**Task directions**
Reproduce, exactly and in full, only the lines below from the one containing "6,613 LB DUAL" through the one containing "You'll want to take".

**Data extracts**
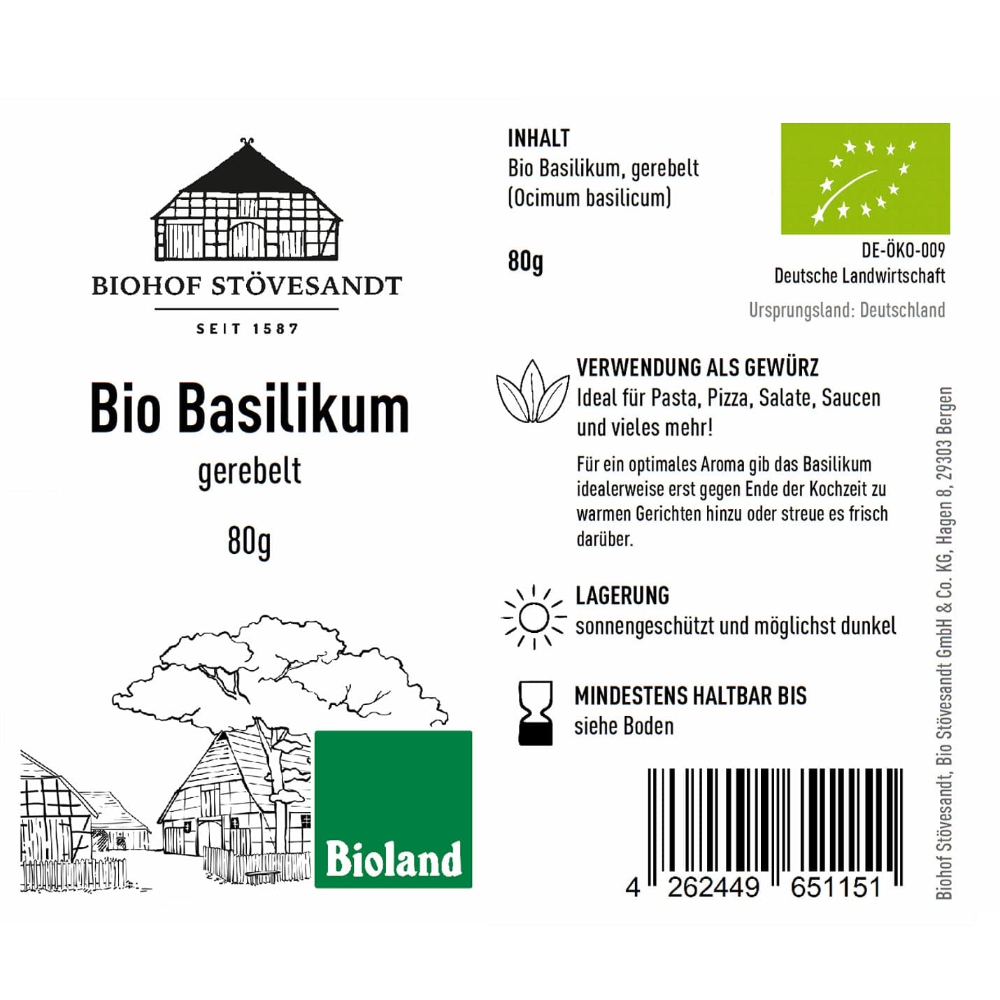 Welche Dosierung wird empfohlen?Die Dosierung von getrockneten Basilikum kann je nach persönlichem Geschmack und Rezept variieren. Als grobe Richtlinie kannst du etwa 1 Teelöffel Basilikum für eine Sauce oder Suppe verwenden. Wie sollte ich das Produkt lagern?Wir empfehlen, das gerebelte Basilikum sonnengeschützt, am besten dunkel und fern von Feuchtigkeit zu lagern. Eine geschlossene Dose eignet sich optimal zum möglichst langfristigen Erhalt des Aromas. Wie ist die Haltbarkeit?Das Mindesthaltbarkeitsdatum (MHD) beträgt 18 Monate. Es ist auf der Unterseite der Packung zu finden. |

==

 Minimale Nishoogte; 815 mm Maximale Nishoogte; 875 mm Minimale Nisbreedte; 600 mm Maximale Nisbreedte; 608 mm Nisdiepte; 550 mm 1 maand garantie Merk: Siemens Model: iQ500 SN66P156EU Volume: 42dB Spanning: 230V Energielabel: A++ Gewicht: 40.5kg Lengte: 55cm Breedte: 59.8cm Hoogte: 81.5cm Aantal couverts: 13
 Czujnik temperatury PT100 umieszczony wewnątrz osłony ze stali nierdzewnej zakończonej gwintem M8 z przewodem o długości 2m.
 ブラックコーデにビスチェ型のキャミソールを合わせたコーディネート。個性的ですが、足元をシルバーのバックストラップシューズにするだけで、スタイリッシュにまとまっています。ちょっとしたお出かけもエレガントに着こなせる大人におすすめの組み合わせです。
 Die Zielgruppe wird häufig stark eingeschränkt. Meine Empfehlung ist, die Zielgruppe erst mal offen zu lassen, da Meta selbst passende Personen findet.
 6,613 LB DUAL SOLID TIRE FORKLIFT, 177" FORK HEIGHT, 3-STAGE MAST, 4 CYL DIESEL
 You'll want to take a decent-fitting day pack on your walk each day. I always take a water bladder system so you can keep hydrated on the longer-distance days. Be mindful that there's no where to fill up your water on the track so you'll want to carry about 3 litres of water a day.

**Response area**
 6,613 LB DUAL SOLID TIRE FORKLIFT, 177" FORK HEIGHT, 3-STAGE MAST, 4 CYL DIESEL
 You'll want to take a decent-fitting day pack on your walk each day. I always take a water bladder system so you can keep hydrated on the longer-distance days. Be mindful that there's no where to fill up your water on the track so you'll want to carry about 3 litres of water a day.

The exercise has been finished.